I think that a tremendous amount of science could be done by pairing the netlander payload with Pathfinder-sized rovers for site exploration. With technological advances over the 15 years since the Pathfinder mission, the rover could be respectable. Not MER-class by any means. We have so little ground truth about Mars that even exploring the 100 m around the lander would be useful. And this would be in addition to the primary mission, would would be the long-lived network science station.
We're still talking about far too much expensive missions here as compared to what we know we'll have until Sample Return. I don't think we need sexy probes for the coming 10 years or so, We can afford continuous science if done by cheap probes and I guess this could be sold to Alan and Al as far as the sexiest missions will go to outer planets.
That depends on what kind of network we have. Also, MetNet is a real possibility. Some of the Finnish landers do exist, and two precursor penatrators may fly on Phobos Grunt or on a stand-alone mission (in which case it might be three). The actual MetNet mission calls for 16 of them. http://www.ava.fmi.fi/metnet-portal/?sivu=mainpage
looking at just the instrumentation
http://www.ava.fmi.fi/metnet-portal/?sivu=payload
I think they've got everything covered.
I want image and a smidgen of physical geology. Meteorology is determined in part by local topography and the physical geology: roughness, albedo, thermal inertia. I simply don't want to go down to the surface without a rudimentary whole-panorama view... Huygen's surface images left me screaming inside my skull.. the same frame again, again, again. (I know why.. it still frustrates me). The soil probe gives a bit more info about landing site. There are so many essentially unexplored terrain types... we need a little info on them.

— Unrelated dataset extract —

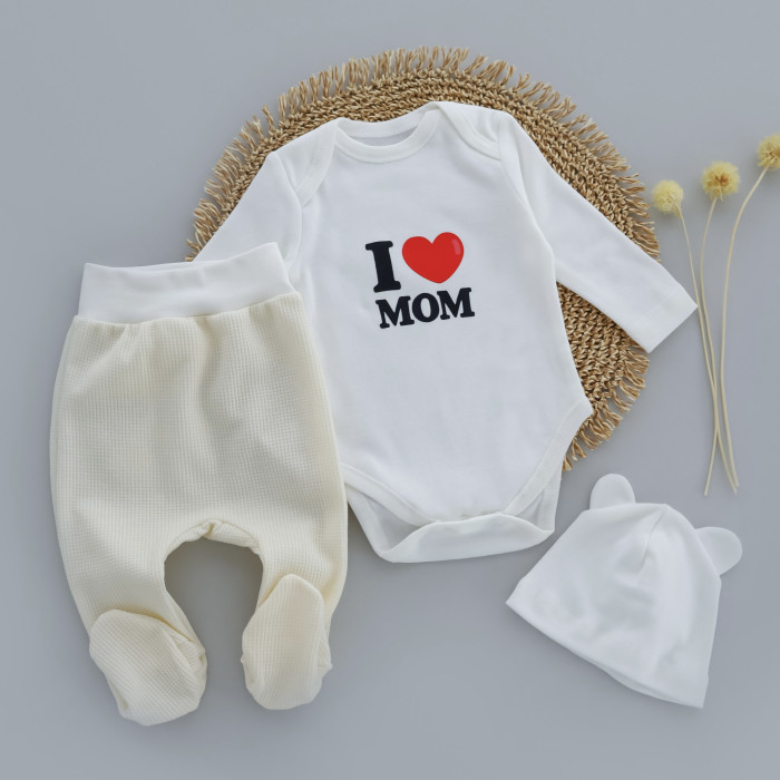Набір 3в1: Боді, повзунки та шапочка I love mom Бежевий (Інтерлок /вафелька) 62 (3-6міс)

I want meteorology: Wind, Temp, Pressure, water vapor and dust.
I want climatology: The optical sensor (light levels, maybe sky photometry) plus long duration on the meteorology gives that.
I want geophysics. The essential two are seismic and magnetometric. They are the 2 1/2 real ways to probe the deep interior below the "remote sensable" and "geolgically inferrable" crustal structure. These are them, plus whole planet dynamics probeable with the radio science links.
I want as many sites as possible. Sample different terrains, latitudes. The more network sites the better for climate, meteorology and geophysics.